Burada bir konudan söz açmak çok yararlı olacaktır. 2845 sayılı DGM'lerin Kuruluşu
ve Yargılama Usulleri Hakkında Kanun'un değişik 10.maddesinde;
DGM lerin görev alanlarına giren suçlarda ilk soruşturma yapılmaz. DGM lerin
görev alanına giren suçların hazırlık soruşturması bu mahkeme nezdinde bulunan
Cumhuriyet Savcılığı tarafından yapılır denilmektedir.
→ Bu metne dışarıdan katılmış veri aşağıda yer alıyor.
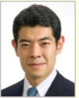
辻 清人 衆議院議員(東京都)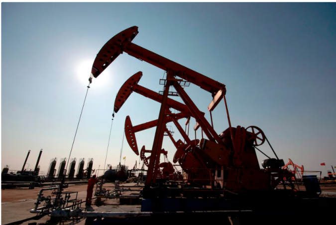
Imagen de archivo de una planta petrolífera.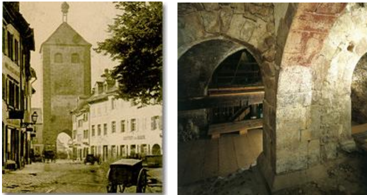
Der Weinkeller des Gasthofes zum roten Bären

Weiter geht es zu Deutschlands ältestem Gasthof dem „Roten Bären“ . Er gehört zu den ältesten Gebäuden in Freiburg. Der Weinkeller des Bären stammt sogar aus der Zeit vor der Stadtgründung 1120. Im dreistöckigen Keller mit seinen gewachsenen Böden, den Pfeilern und den Arkadenbögen degustieren wir einen Riesling des Hauses und lauschen weiter den Erzählungen des Stadtführers.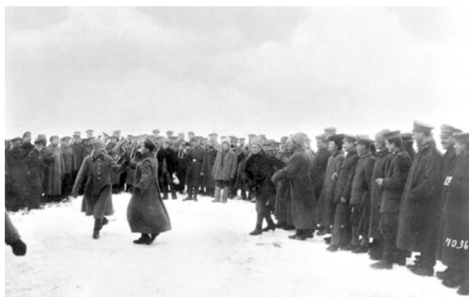
Сцена братания с противником в 5-й Армии. Зима 1917–1918 г.

Едва дойдя до немецких позиций, русские полки повернули обратно и отказались выполнять дальнейшие приказания. Исключение составляли отдельные ударные «батальоны смерти», созданные по инициативе Временного правительства из добровольцев. Были разоружены и заключены под стражу в Двинскую крепость около 12 тысяч солдат и офицеров мятежных полков. Зачинщики и активисты, как правило, члены солдатских комитетов, в числе 890 человек были отправлены в Москву и заключены в Бутырскую тюрьму. Впоследствии все они стали активными участниками вооруженного восстания в Москве в октябре 1917 года и вошли в историю под названием «двинцы».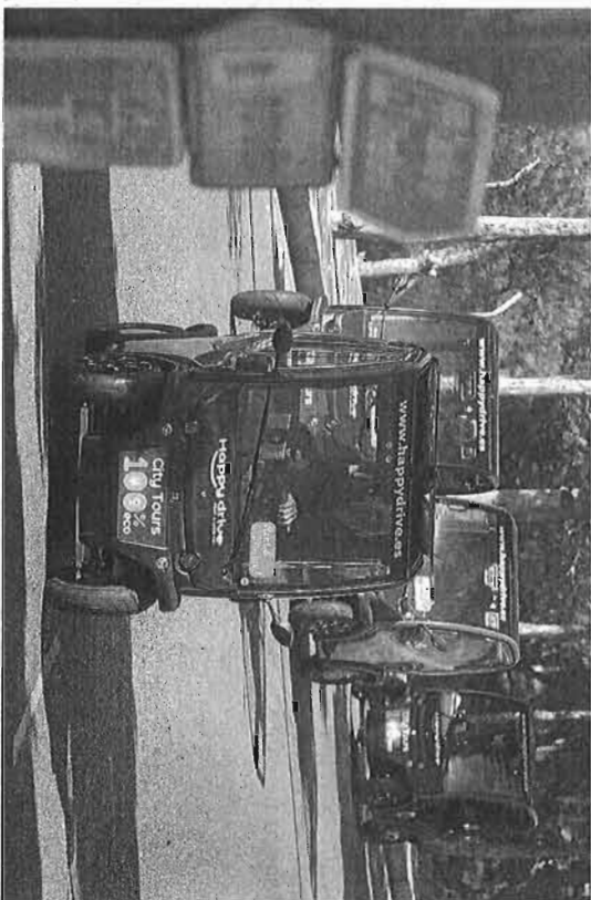
Técnicos de Turismo probaron ayer esta experiencia, visitando los enclaves de interés.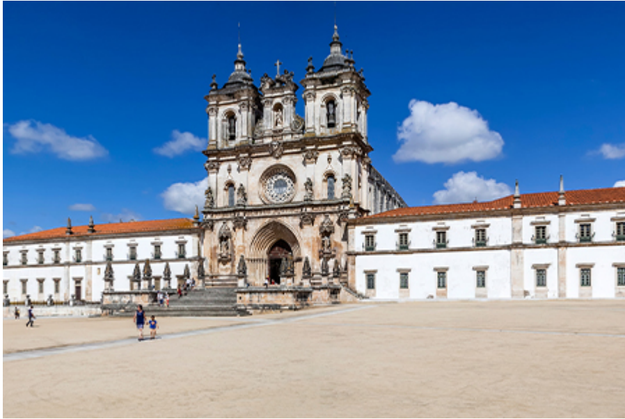
Alcobaca - Szűz Mária Apátság 11 €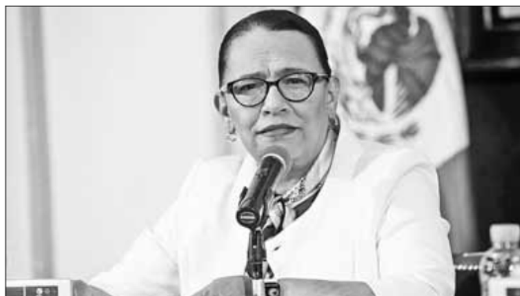
▲ Se refuerza la estrategia de protección a mujeres y niñas, afirma la titular de la

Uygulama ise bunun tam tersinedir. Cumhuriyet Savcıları bu asli görevlerini, polise
devretmişlerdir. Müvekkilem gözlem altına alındıktan tam dokuz gün sonra
Cumhuriyet Savcısını görmüş, yer gösterme işlemi yapıldıktan sonra da yeniden
şubeye götürülmüştür. Emniyette imzalamış olduğu ifade kesinlikle Başak
Çağlar'ın değildir. İyi bir eğitim almış, düzgün ve güzel Türkçe konuşan ve
yazan müvekkilemin böyle cümle düşüklükleri, böylesine Türkçe ile ilgisiz bir
anlatımın sahibi olması düşünülemez bile. Kaldı ki ilk duruşmada
kanıtladığımız gibi, müvekkilemin emniyet ifadesi ile Zeynep Yıldız'ın emniyet
ifadesinin kelime kelime aynı olaması, bu ifadelerin özgür bir irade beyanı
olmadığı, başkaları tarafından yazılarak zorla imzalattırıldığını
kanıtlamaktadır.
Yer gösterme işlemlerinin kimisi görevin asli sahibi savcılarca kimisi ise yalnızca
polisler tarafından yaptırılmıştır. Yer gösterme işlemlerinin, emniyetten hiç bir
farkı yoktur. Çünkü emniyet ifadelerini düzenleyen polisler, yer gösterme işlemleri
sırasında da orada bulunmaktadırlar. Yer gösterme işlemi bittikten sonra yine
gidilecek yer TEM Şube Müdürlüğü'dür. Bu koşullar altında emniyet ifadesini red
etmek veya bu olayı ben yapmadım demek olanaklı değildir. Bunun en güzel kanıtı
olarak 27.01.1995 tarihli Sabah Gazetesi'ni ekte sunuyoruz. Henüz 18 yaşındaki bir
gencin dokuz gün içinde ne hale geldiği yüzündeki ifadeden çok iyi
anlaşılmaktadır. (Ek-1)
Müvekkilem, gözaltına alındıktan 14 gün sonra DGM'ye getirilmiştir. Burada ailenin
yakın dostu bir meslektaşımız, TEM görevlilerinin yanında Başak'a ulaşmayı
başarabilmiştir. Bu görüşme esnasında meslektaşımız, Başak'a yapmadığın hiç
bir şeyi kabullenme, emniyette sana isnat edilen suçları sakın kabul etme uyarısını
yapmıştır. Ancak meslektaşımızın oradan ayrılmasının ardından, TEM elemanları
Başak'ı avukata inanmaması, eğer suçlamaları kabul ederse serbest
bırakılacağını söyleyerek ikna etmeye çalışmışlar, aksi halde yeniden emniyete
götüreceklerini belirtmişlerdir. Başak'ın ikna olmaması durumu ile de
karşılaşmamak için işi iyice sıkıya almışlar, DGM bahçesinde bekleyen annesi
Sabahat Çağlar'ın yanına gelerek, "Ben şimdi sizi kızınızın yanına
götüreceğim, kızınıza söyleyin emniyet ifadesini kabul etsin aksi takdirde örgüt
üyesi muamelesi görür, en az onbeş sene ceza yer" diyerek, annesini Başak'ın
yanına götürmüşlerdir. Bu güne değin devlet memuru olarak çalışmış, devletin
tüm kurumlarına inanmış olan bu anne de polisin yönlendirmesine uymuş ve Başak ile
yaptığı görüşmede, polise inanmasını ve suçlamaları kabul etmesi halinde serbest
bırakılacağını kızına söylemiştir.
Müvekkilem savcının yanında iken TEM elemanları da aynı oda içerisindedir.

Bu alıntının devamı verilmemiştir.